Мы стояли друг против друга, и он спросил в упор:

— Ты все обдумал?

Я знал: в эту минуту решается многое. Было еще не поздно. Мгновенная ассоциация вызвала мысленную картину: освещенное окно у лесной опушки, из окна глядят на меня вопрошающие серые, в черных ободках ресниц глаза…

— Я готов.

Борг подошел совсем близко. Его глаза надвинулись, издали они голубоватые, а вблизи водянистые, и в них мое смутное отражение. Я подумал, что он посылает мне менто, но уловить не мог ничего — ни слов, ни настроенности.

— Улисс, — сказал Борг. — Сегодня, кажется, разговор у нас получится.

— Конечно, старший. Только, если можно, не надо о том, что не проверено, опасно… С середины, если можно.

— Хорошо. Завтра мои ребята начнут собирать кольцо вокруг твоего корабля. Никто не знает, что это такое, и не должен знать. Модификация двигателя, вот и все. Одновременно с обкаткой корабля тебе поручено испытать эту штуку. Вот и все.

— Обкатка по ремонтному графику через двенадцать дней.

— Знаю. Как раз столько, сколько нам нужно.

— Ну и отлично. Пойду, старший. Покойной ночи.

— Покойной ночи.

Но когда я взялся за ручку двери, он окликнул меня.

— Погоди, нельзя же так, в самом деле… «Вот и все. Пойду…» Мне было бы легче, Улисс, если бы ты отказался. И если бы отказались другие пилоты. Старый сумасброд поиграл бы с занятной игрушкой и успокоился бы.

— Ты вовсе не старый, — сказал я.

Борг усмехнулся.

— Но сумасброд, хочешь ты сказать… Ну ладно. Через двенадцать дней полетим, а теперь иди досыпай.

— Полетим?!

— Да. Я решил лететь с тобой.

— Тогда я отказываюсь. Летать — мое дело.

— Разумеется. Но согласись, это уж больно особый случай. Только мое участие в опыте может что-то оправдать.

— Не выйдет, старший. Я полечу один. Или со своим напарником, если он согласится.

* * *

Буксир отвел корабль от причала «Элефантины», и мы стартовали.

Для обкатки двигателей после профилактического ремонта было достаточно обычного прыжка к Луне. Но я вывел корабль на касательную по направлению, заданному в инструкции Борга.

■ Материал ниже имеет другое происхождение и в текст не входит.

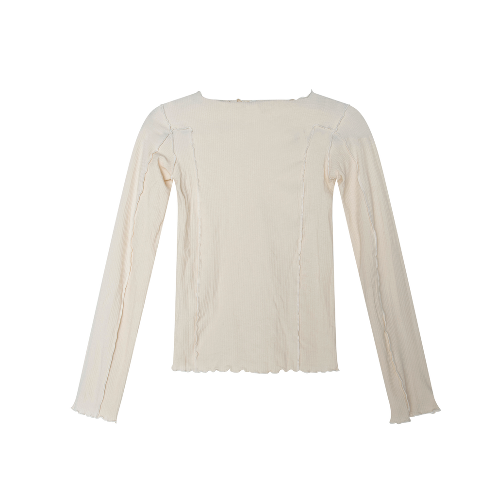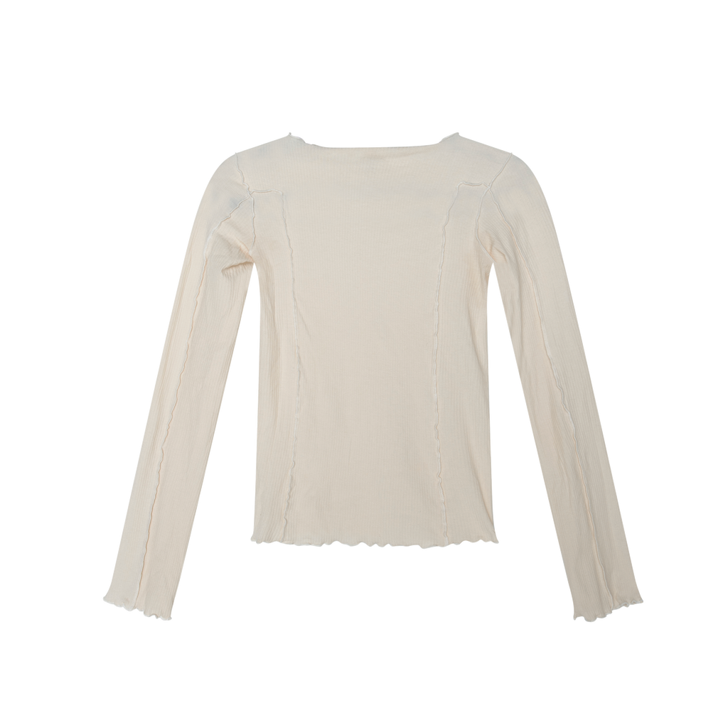 Base Range Cream Long Sleeve features lettuce trim and inside out seam design.

Мы были обвешены датчиками биоаналистических устройств — на манер знаменитых собачек, которым поставлен памятник.

О собачках я упоминаю не случайно: об этом был у меня за сутки до старта трудный разговор с Боргом. Он вдруг заявил, что ни я, ни мой напарник, ни любой другой человек не полетит. Автоматика обеспечит ввод и вывод корабля из режима синхронизации, а собака — достаточно высокоорганизованное животное, чтобы судить, как перенесет безвременье живое существо. Мы крепко поспорили. А проще сказать — я уперся. Оставим, говорил я, собачьи ощущения для собак. Они сделали свое дело, когда человечество только начинало выходить в космос. Теперь же мы новички в Пространстве, и нет ни малейшего смысла испытывать синхронизатор без человека: ведь прежде всего надо знать, как пройдет сквозь время человек. Я понимал смятение Борга, но, повторяю, уперся как никогда.

И вот мы стартовали. Перегрузка привычно вжала нас в кресла. Мы разогнались, пошли на крейсерской скорости и, взяв пеленги по радиомаякам, точно определили свое место в пространстве.

Я ощутил на себе ожидающий взгляд Робина и послал ему менто: «Пора, приготовься». И нажал кнопку автоматического привода.

«Что будет теперь? — пронеслось у меня в голове. — Мгновенная гибель? Или безвыходность во времени, и тогда — долгое умирание от голода, жажды и удушья…»

Я покосился на Робина — не уловил ли он моих мыслей? Вряд ли. Эти мысли пронеслись мгновенно — или время уже прекратило течение в объеме пространства, занятом кораблем?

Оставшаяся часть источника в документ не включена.